* **WHAT THE TASK ASKS**
From the material below, retype exactly the lines that begin at the line with "925 Silver Cocktail" and end after the line with "윗 잇몸 꼬맨 자리에"; pictures stay out of the copy.

* **RECORDS FOR THE TASK**
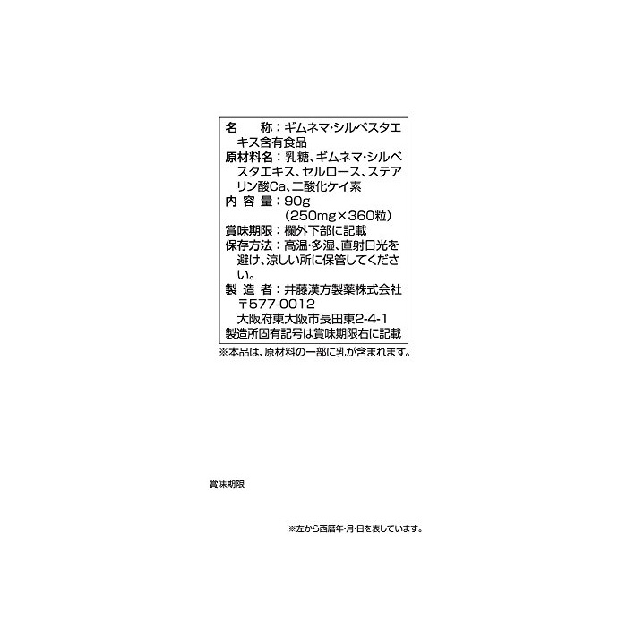 원본상품명: 井藤漢方製 ギムネマシルベスタ 約30日 250mgX360粒
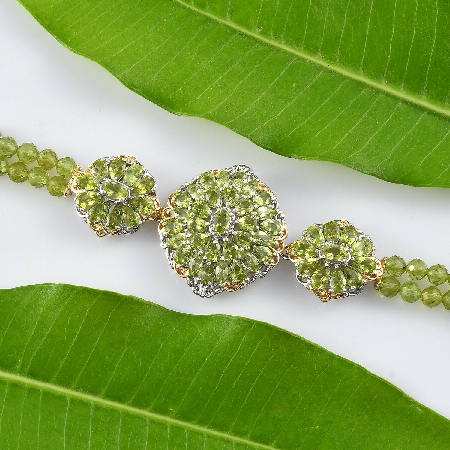 925 Silver Cocktail Bracelet Peridot Platinum Over Size 7.25" Ct 58.4
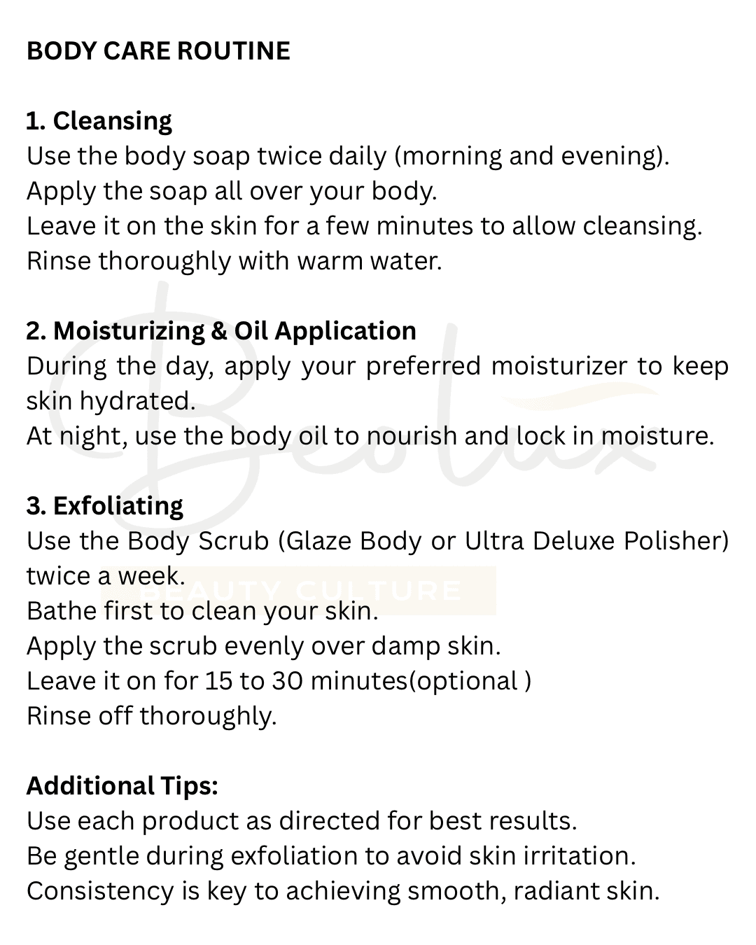 Use the Body Scrub (Glaze Body or Ultra Deluxe Polisher) twice a week.
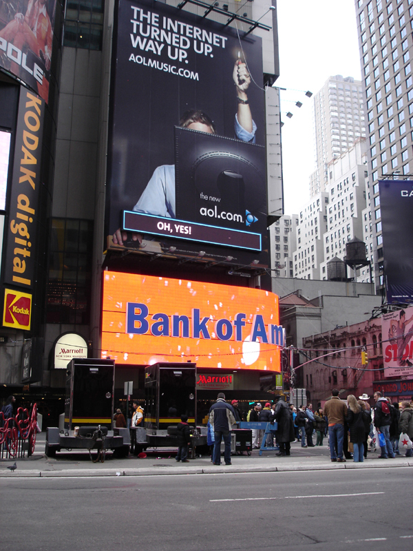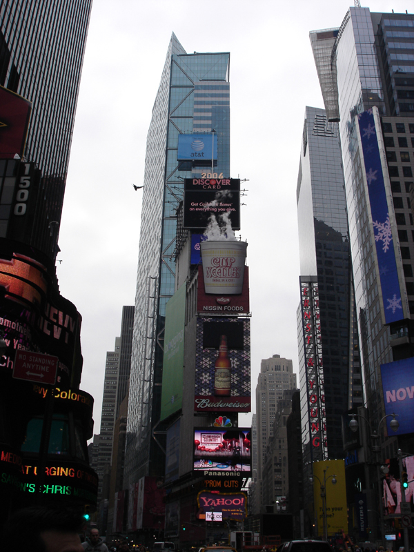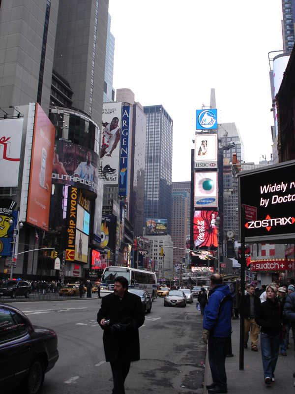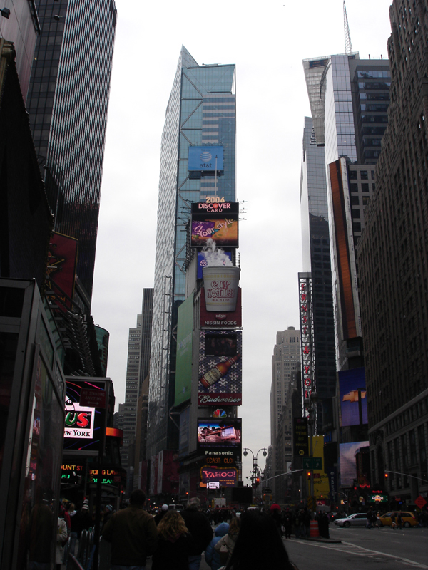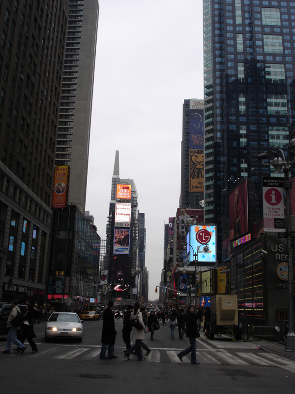 近くの地下鉄の駅から、いったん「South Ferry駅」まで戻り、それから「タイムズスクエア」に向かう。 巨大な繁華街っぽいイメージのある場所だ。 劇場が多数あったけれど、特に見たいものもないし、見るつもりで来たわけでもないので、街を歩いて楽しむだけにした。 うろうろしたけど、すごい人ごみ。 写真を撮ってる人がいっぱいいたので、みんな観光できているのだろうか。
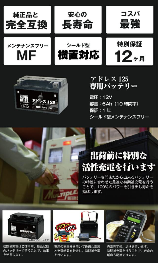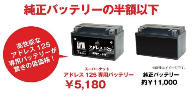 バイク用バッテリー■スズキ アドレス125 (2017年式〜)専用バッテリー SUSUKI ■コスパ最強 総販売数100万個突破 100%交換保証 スーパーナット
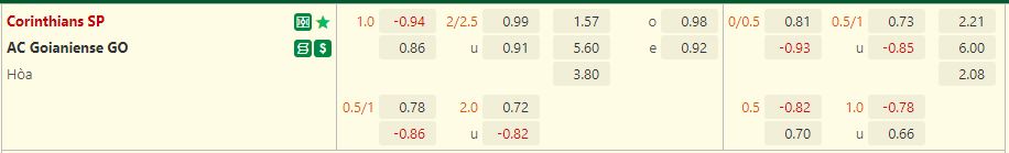 Soi kèo Corinthians vs Goianiense, kèo hiệp 1
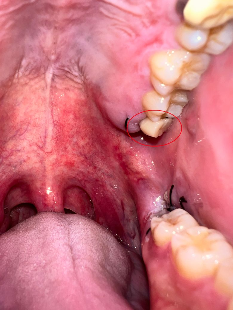 윗 잇몸 꼬맨 자리에 하얀 덩어리가 이처럼 생겨났는데 혀로 만져보면 말랑말랑 하고 통증은 없습니다.
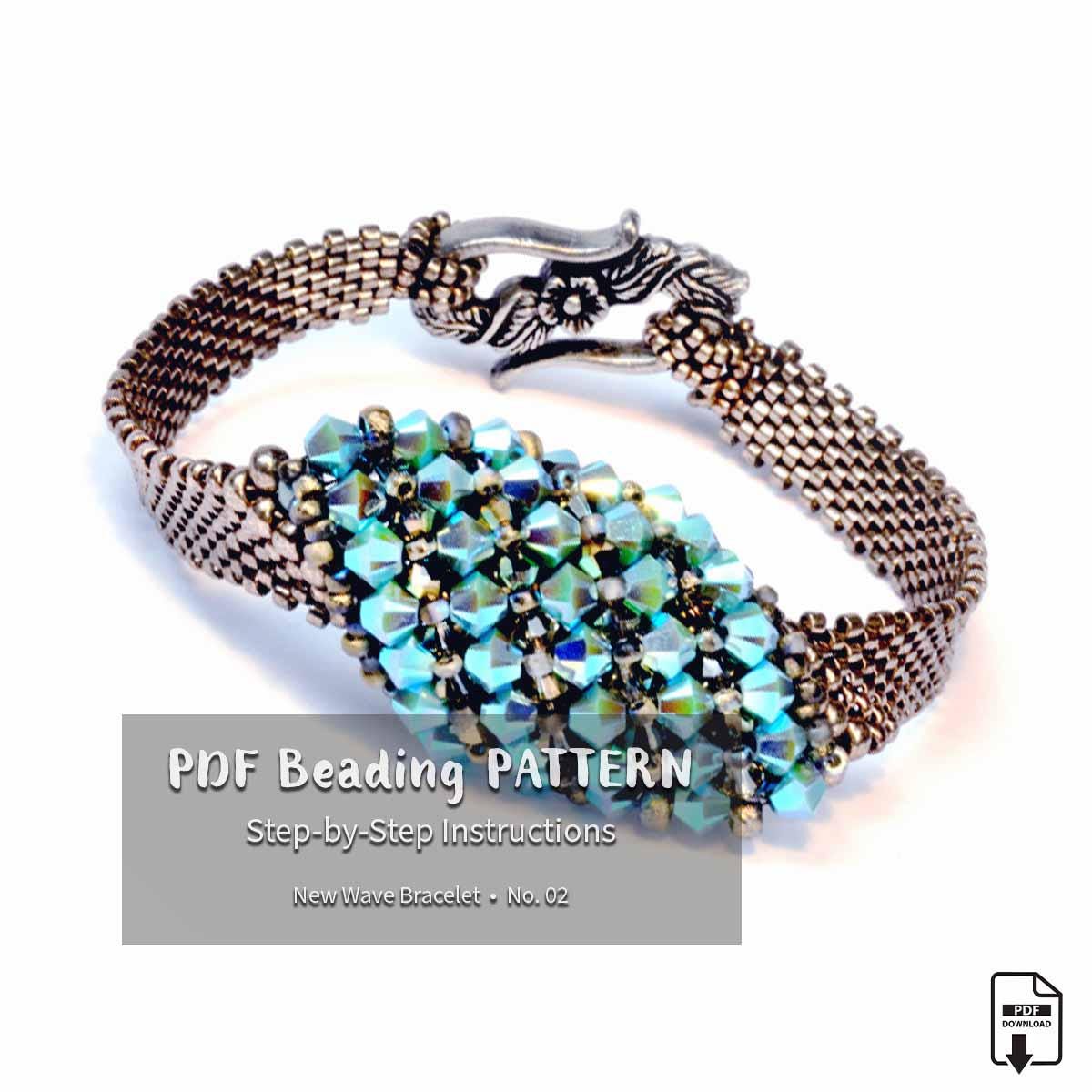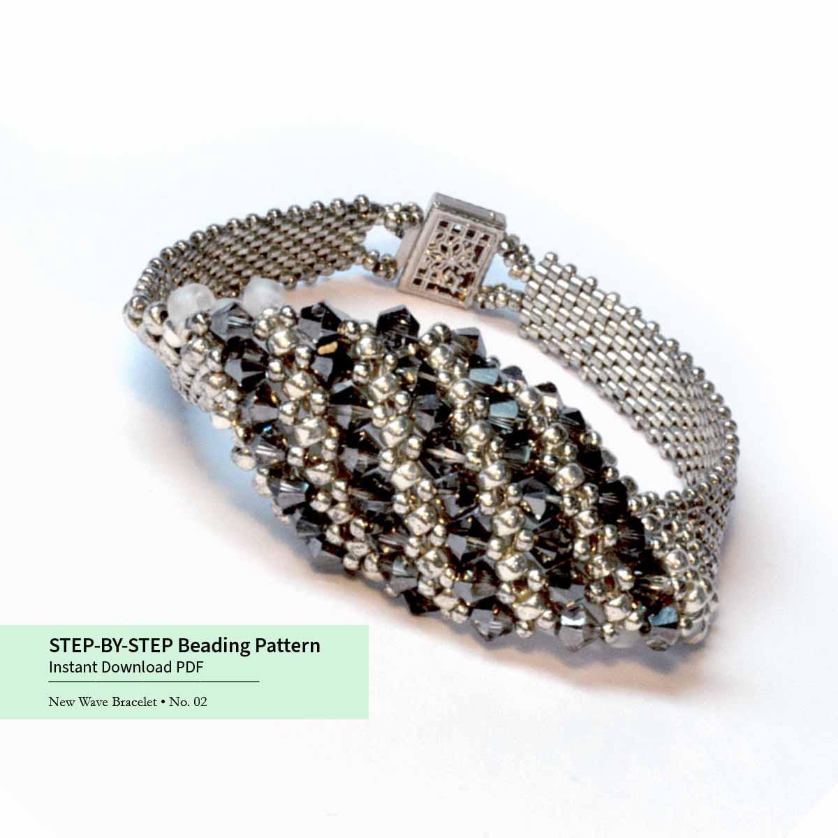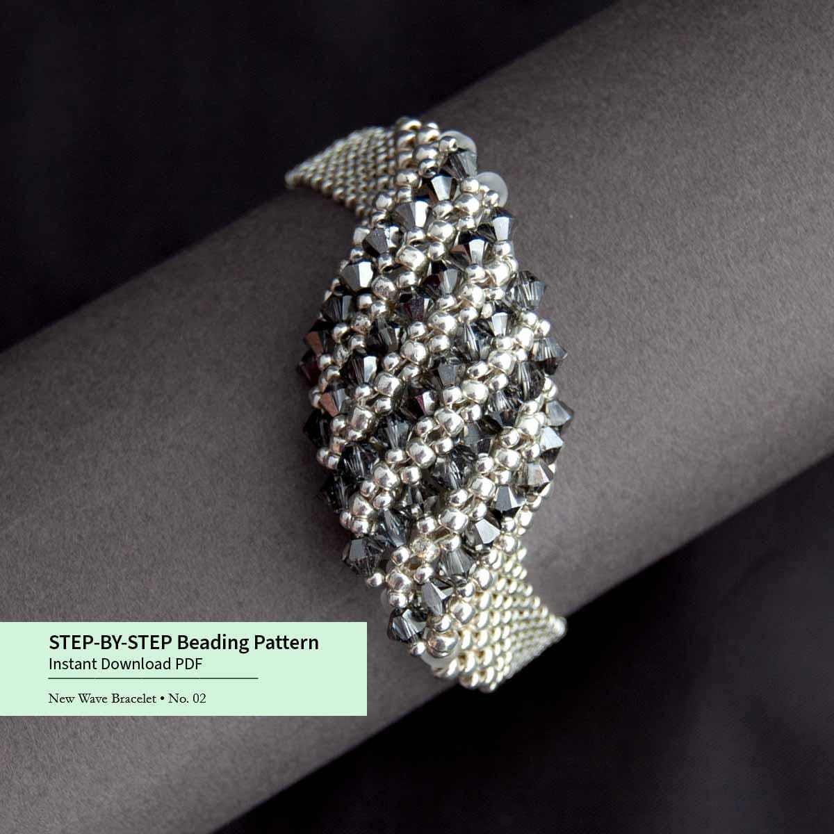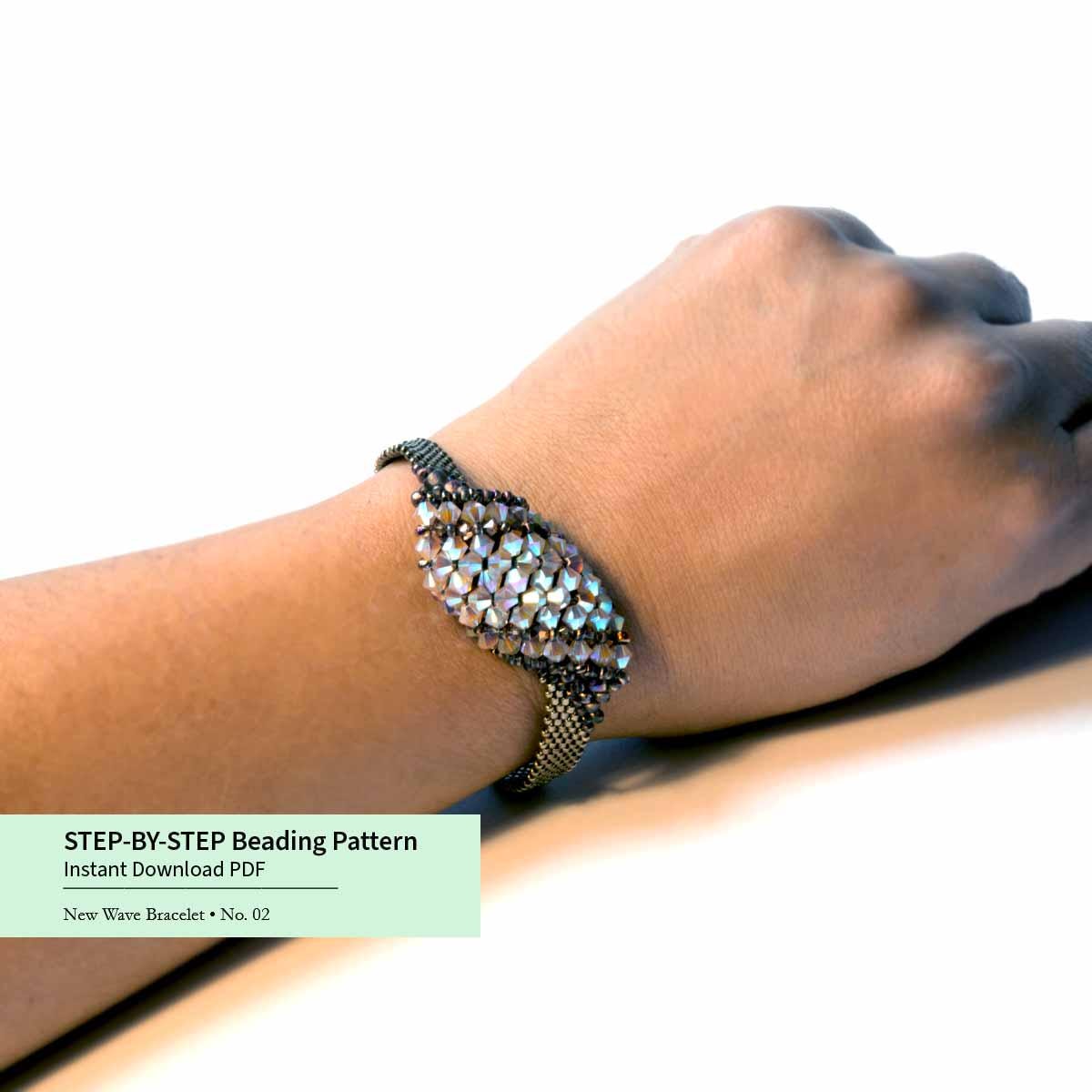 ✨ This unique asymmetrical bracelet features crystal embellishments on the top, created using the RAW (Right Angle Weave) beading technique. The detailed crystal design adds sparkle and texture, making this handmade bracelet an eye-catching statement piece with a modern, artistic look.
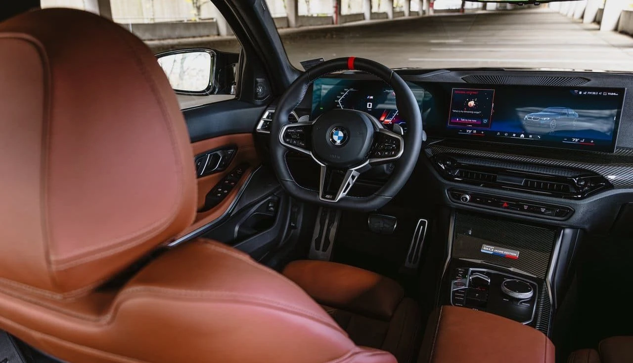 Rodas M de 19 polegadas bi-color, escape M Performance com som mais encorpado, spoiler traseiro em carbono com emblema “50 JAHRE”, freios M Sport grandes, Head-Up Display, câmeras 360º e muito mais.
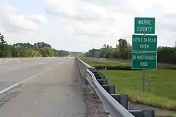The freshwater Little Satilla River forms at the juncture of Big Satilla Creek and Little Satilla Creek, close to the U.S. Route 84 crossing of the two creeks southwest of Screven. The river flows south as the boundary between Wayne and Pierce counties, then turns more southeast as it becomes the boundary between Pierce and Brantley counties. Turning fully to the east, it enters Brantley County, is crossed by U.S. Route 301, and joins the Satilla River 4 miles (6 km) southeast of Hortense.
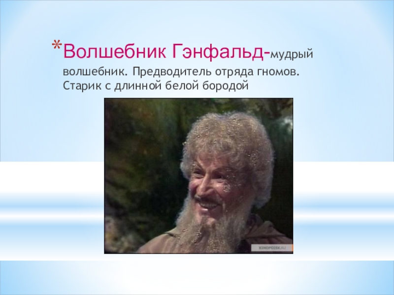 Слайд 7Волшебник Гэнфальд-мудрый волшебник. Предводитель отряда гномов. Старик с длинной белой бородой

* **RESPONSE AREA**
 925 Silver Cocktail Bracelet Peridot Platinum Over Size 7.25" Ct 58.4
 Use the Body Scrub (Glaze Body or Ultra Deluxe Polisher) twice a week.
 近くの地下鉄の駅から、いったん「South Ferry駅」まで戻り、それから「タイムズスクエア」に向かう。 巨大な繁華街っぽいイメージのある場所だ。 劇場が多数あったけれど、特に見たいものもないし、見るつもりで来たわけでもないので、街を歩いて楽しむだけにした。 うろうろしたけど、すごい人ごみ。 写真を撮ってる人がいっぱいいたので、みんな観光できているのだろうか。
 バイク用バッテリー■スズキ アドレス125 (2017年式〜)専用バッテリー SUSUKI ■コスパ最強 総販売数100万個突破 100%交換保証 スーパーナット
 Soi kèo Corinthians vs Goianiense, kèo hiệp 1
 윗 잇몸 꼬맨 자리에 하얀 덩어리가 이처럼 생겨났는데 혀로 만져보면 말랑말랑 하고 통증은 없습니다.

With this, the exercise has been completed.